▶ [DATASET RECORDS]
'''
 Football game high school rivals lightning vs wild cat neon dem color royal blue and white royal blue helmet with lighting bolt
'''
'''
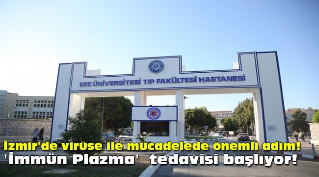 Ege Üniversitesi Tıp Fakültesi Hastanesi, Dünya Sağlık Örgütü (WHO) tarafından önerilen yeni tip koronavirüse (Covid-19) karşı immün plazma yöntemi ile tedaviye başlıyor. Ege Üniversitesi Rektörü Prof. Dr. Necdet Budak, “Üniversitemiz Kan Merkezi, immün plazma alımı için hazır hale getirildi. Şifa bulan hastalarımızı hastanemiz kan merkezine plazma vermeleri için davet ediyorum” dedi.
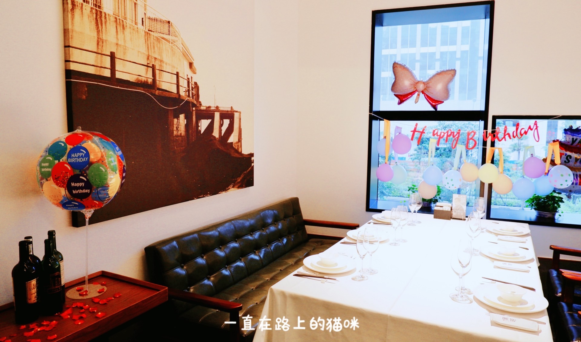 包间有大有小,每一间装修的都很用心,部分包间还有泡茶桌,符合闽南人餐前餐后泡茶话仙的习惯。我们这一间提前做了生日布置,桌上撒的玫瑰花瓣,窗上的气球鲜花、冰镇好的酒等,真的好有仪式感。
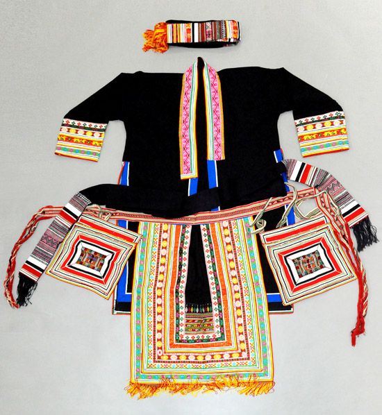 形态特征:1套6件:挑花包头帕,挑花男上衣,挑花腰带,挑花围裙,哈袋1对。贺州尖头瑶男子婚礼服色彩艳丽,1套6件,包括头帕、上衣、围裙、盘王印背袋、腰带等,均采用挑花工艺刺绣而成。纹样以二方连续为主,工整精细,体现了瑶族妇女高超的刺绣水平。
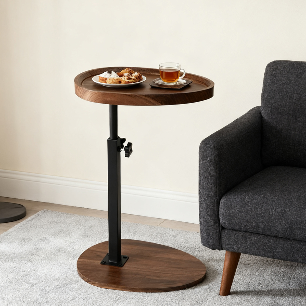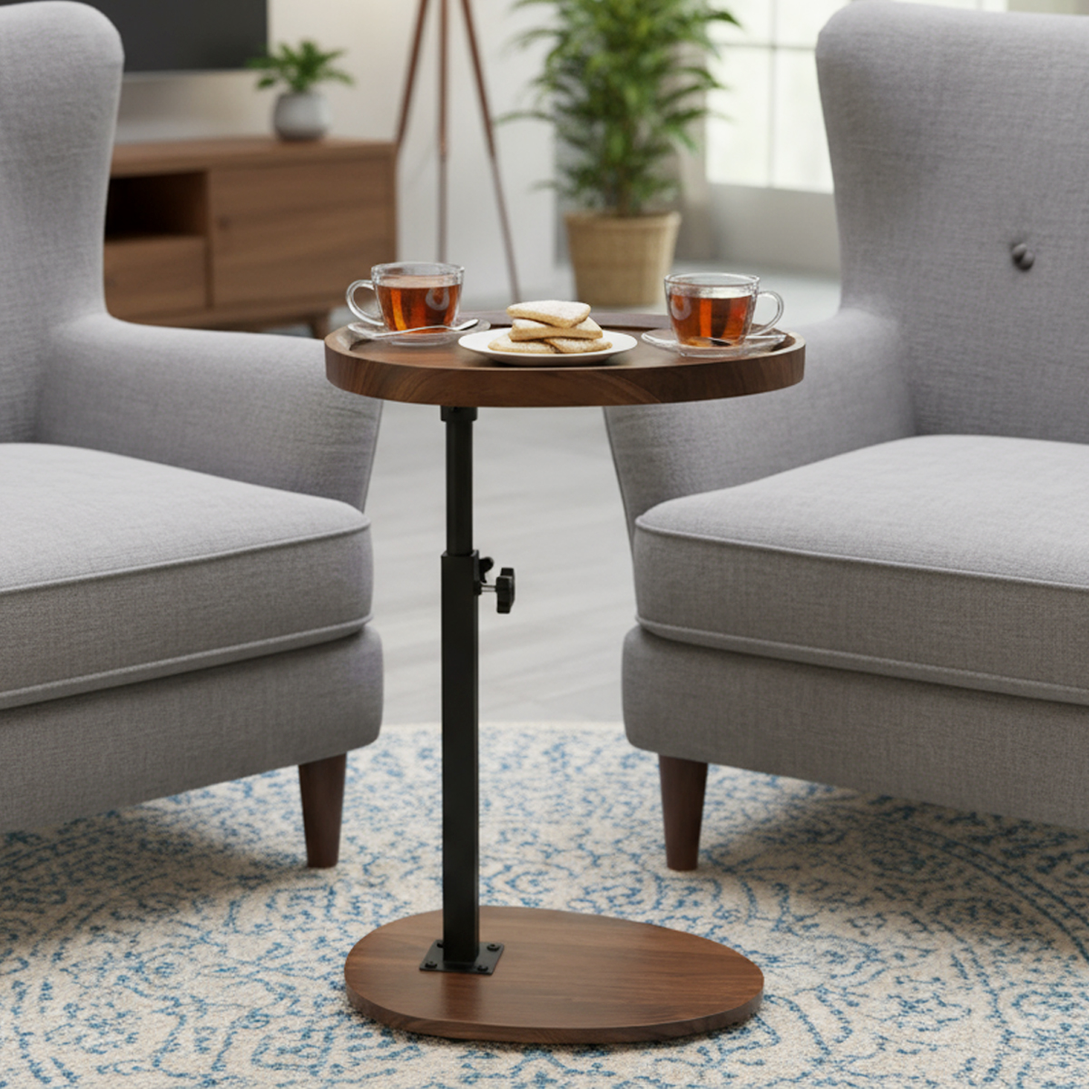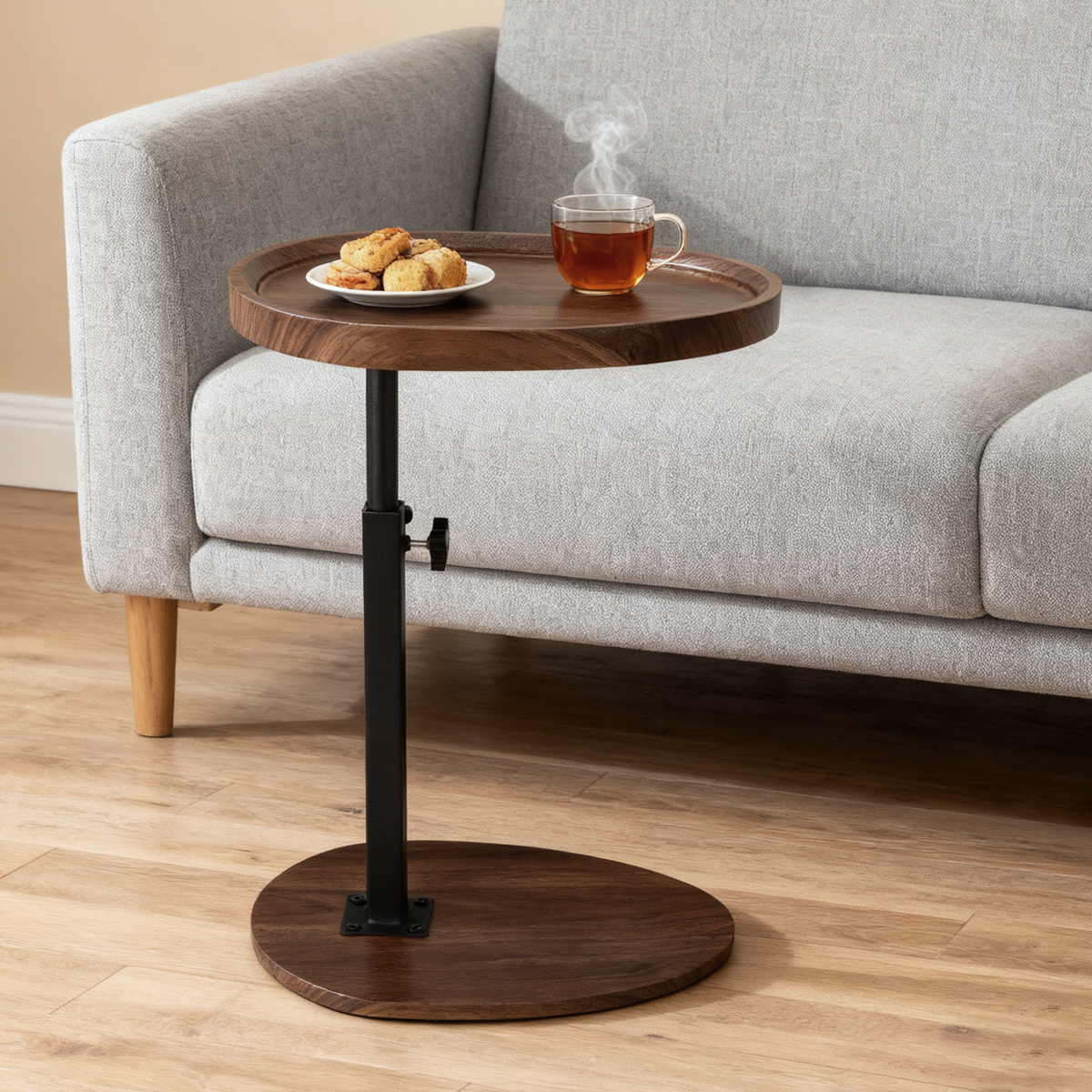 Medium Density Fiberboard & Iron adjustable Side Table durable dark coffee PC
'''
'''
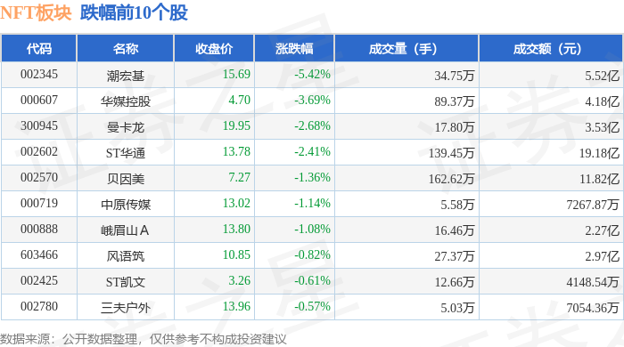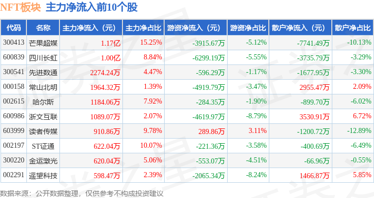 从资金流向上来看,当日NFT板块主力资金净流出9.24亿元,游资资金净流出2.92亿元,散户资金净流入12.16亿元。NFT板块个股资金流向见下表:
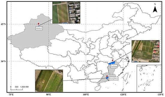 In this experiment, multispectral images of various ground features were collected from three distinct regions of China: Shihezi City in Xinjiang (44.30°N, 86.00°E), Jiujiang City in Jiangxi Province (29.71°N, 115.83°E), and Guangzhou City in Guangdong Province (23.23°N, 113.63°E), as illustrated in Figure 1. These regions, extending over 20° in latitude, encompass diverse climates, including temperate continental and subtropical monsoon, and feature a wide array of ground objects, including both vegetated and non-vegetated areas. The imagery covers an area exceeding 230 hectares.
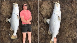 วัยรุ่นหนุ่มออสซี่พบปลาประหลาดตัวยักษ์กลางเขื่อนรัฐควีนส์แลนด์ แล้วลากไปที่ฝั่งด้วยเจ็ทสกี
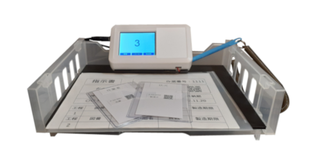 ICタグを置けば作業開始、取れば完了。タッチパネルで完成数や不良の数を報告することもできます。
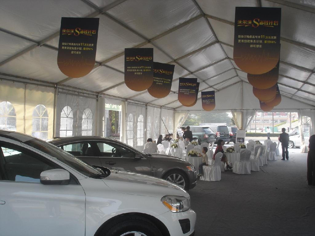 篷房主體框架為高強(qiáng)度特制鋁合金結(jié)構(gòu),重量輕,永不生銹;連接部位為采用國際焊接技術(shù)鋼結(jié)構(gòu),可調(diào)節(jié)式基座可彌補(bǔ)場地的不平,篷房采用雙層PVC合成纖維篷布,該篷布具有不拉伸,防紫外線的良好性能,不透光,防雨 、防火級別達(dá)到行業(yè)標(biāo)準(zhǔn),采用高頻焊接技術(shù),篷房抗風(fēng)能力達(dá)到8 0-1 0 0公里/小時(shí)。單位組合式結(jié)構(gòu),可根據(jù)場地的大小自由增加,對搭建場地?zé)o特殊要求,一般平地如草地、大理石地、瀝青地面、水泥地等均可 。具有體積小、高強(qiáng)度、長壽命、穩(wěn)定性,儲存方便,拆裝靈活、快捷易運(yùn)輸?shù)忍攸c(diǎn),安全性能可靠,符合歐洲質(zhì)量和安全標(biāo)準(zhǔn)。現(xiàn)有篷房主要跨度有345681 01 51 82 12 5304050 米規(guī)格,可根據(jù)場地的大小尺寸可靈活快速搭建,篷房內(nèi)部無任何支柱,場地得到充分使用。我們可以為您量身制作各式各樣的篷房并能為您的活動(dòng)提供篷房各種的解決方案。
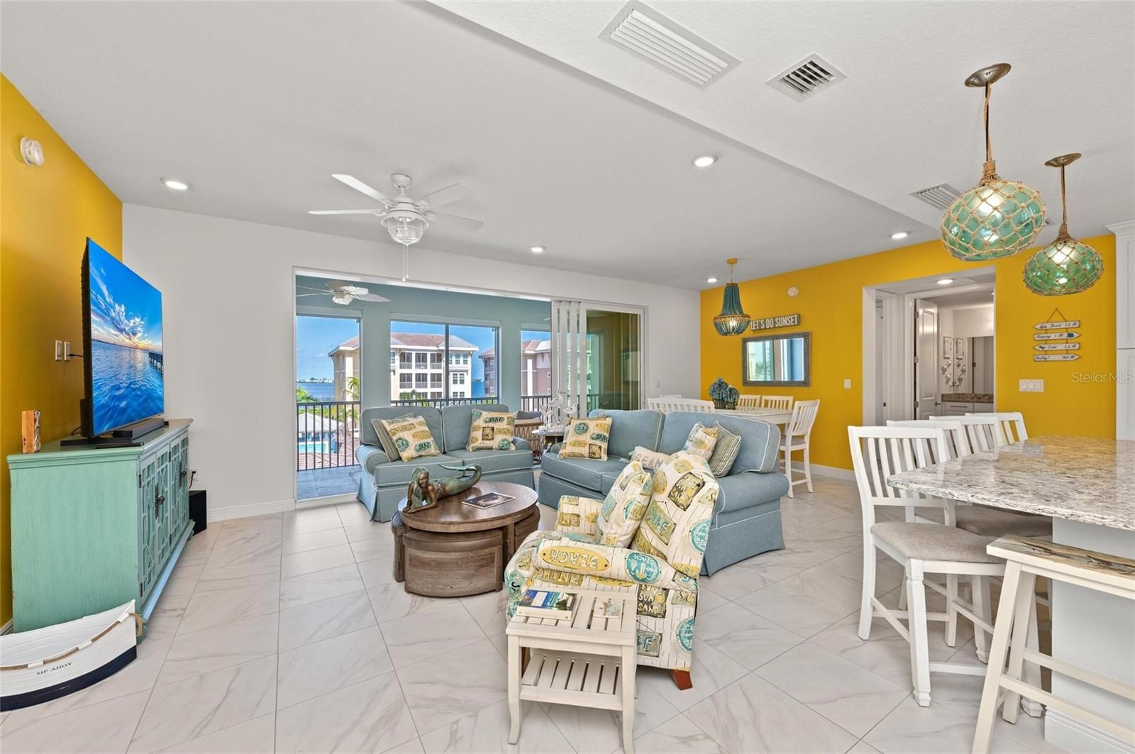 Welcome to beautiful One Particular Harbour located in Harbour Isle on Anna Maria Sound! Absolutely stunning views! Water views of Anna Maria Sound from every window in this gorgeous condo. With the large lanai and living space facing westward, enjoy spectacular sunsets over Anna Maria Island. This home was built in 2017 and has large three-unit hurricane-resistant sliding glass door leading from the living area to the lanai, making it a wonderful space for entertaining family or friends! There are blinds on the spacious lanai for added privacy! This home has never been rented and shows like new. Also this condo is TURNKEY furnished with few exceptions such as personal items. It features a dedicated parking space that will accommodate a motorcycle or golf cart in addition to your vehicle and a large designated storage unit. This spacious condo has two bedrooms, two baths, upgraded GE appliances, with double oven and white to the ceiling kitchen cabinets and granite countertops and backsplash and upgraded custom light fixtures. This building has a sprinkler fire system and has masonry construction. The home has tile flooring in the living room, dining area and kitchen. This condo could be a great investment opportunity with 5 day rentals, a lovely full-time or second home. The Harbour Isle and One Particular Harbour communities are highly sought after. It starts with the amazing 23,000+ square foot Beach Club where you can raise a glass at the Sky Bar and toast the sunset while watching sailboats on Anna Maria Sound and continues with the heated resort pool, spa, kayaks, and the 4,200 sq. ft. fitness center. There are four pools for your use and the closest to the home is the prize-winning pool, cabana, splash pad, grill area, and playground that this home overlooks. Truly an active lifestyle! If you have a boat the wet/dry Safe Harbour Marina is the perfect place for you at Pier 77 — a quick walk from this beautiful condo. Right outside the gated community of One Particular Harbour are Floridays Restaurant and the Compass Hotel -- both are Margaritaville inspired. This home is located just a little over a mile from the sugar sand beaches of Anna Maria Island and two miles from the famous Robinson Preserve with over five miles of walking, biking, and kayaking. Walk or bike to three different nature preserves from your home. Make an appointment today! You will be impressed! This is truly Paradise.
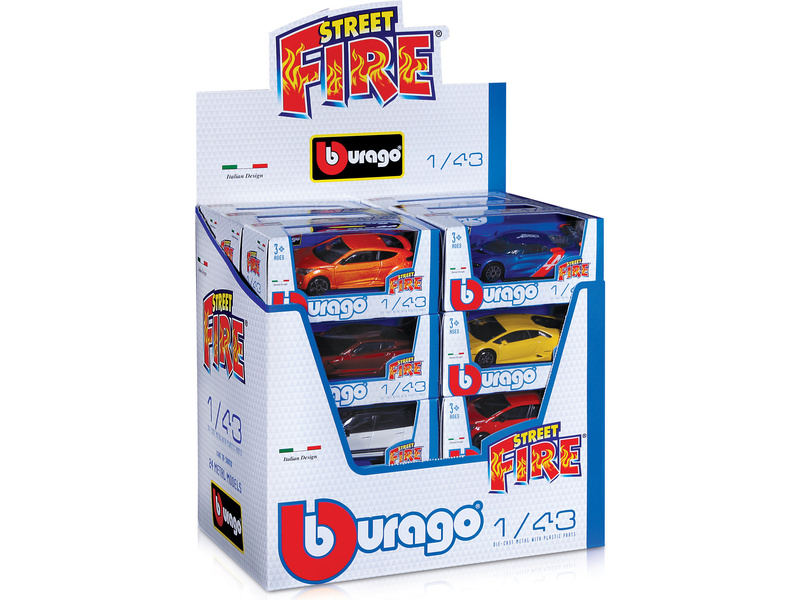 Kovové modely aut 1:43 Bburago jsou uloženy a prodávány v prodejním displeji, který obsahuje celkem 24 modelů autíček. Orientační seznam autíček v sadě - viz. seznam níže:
'''
▶ [PROBLEM DETAILS]
Reproduce the entries exactly, from the line with "Ege Üniversitesi Tıp" to the line with "Medium Density Fiberboard", both lines included, keeping no pictures.

▶ [TASK RESULT]
 Ege Üniversitesi Tıp Fakültesi Hastanesi, Dünya Sağlık Örgütü (WHO) tarafından önerilen yeni tip koronavirüse (Covid-19) karşı immün plazma yöntemi ile tedaviye başlıyor. Ege Üniversitesi Rektörü Prof. Dr. Necdet Budak, “Üniversitemiz Kan Merkezi, immün plazma alımı için hazır hale getirildi. Şifa bulan hastalarımızı hastanemiz kan merkezine plazma vermeleri için davet ediyorum” dedi.
 包间有大有小,每一间装修的都很用心,部分包间还有泡茶桌,符合闽南人餐前餐后泡茶话仙的习惯。我们这一间提前做了生日布置,桌上撒的玫瑰花瓣,窗上的气球鲜花、冰镇好的酒等,真的好有仪式感。
 形态特征:1套6件:挑花包头帕,挑花男上衣,挑花腰带,挑花围裙,哈袋1对。贺州尖头瑶男子婚礼服色彩艳丽,1套6件,包括头帕、上衣、围裙、盘王印背袋、腰带等,均采用挑花工艺刺绣而成。纹样以二方连续为主,工整精细,体现了瑶族妇女高超的刺绣水平。
 Medium Density Fiberboard & Iron adjustable Side Table durable dark coffee PC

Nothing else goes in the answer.